I giganti della tecnologia statunitense respingono le richieste dell'autorità di regolamentazione del Regno Unito
Apple ha affermato che i piani della CMA "minaccerebbero la privacy e le tutele di sicurezza che i nostri utenti si aspettano, ostacolerebbero la nostra capacità di innovare e ci costringerebbero a cedere gratuitamente la nostra tecnologia ai concorrenti stranieri"
L'azienda ha aggiunto: "Continueremo a collaborare con l'ente regolatore per assicurarci che comprendano appieno questi rischi"
Oliver Bethell, Senior Director of Competition di Google, ha sottolineato che Chrome e Android sono basati su codice open source, offrendo "ampia scelta, sicurezza e innovazione per gli utenti"

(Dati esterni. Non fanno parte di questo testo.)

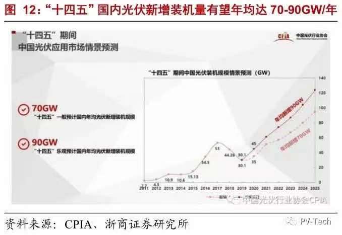 1) CPIA對(duì)光伏行業(yè)“十四五”期間進(jìn)行展望,預(yù)計(jì)在2019-2025年期間,可再生能源將滿足99%的全球電力增量。到2025年,可再生能源在新增發(fā)電裝機(jī)中占比將達(dá)到95%,其中光伏將在所以可再生能源的新增裝機(jī)量占比中達(dá)到60%。

Ha descritto l'annuncio come "deludente e ingiustificato" e ha sottolineato il ruolo di Android nel supportare gli sviluppatori britannici e l'economia.
"È quindi fondamentale che qualsiasi nuova regolamentazione sia basata su prove concrete, proporzionata e non diventi un ostacolo alla crescita nel Regno Unito. Restiamo impegnati in un dialogo costruttivo con la CMA per tutta la durata di questo processo", ha affermato Bethell.
Nel frattempo, anche i giganti della tecnologia statunitense sono oggetto di ulteriori indagini da parte dell'UE. Apple e Google continuano a subire pressioni da parte delle autorità di regolamentazione dell'UE a Bruxelles.
Ad aprile, le autorità di controllo dell'UE hanno imposto ad Apple una sanzione di 500 milioni di euro per violazioni del Digital Markets Act e l'azienda intende impugnare la sentenza.
A marzo, le autorità di regolamentazione hanno affermato che Alphabet ha dato priorità alle proprie offerte di ricerca e sta contestando una sanzione di 4,1 miliardi di euro derivante da una decisione antitrust del 2018.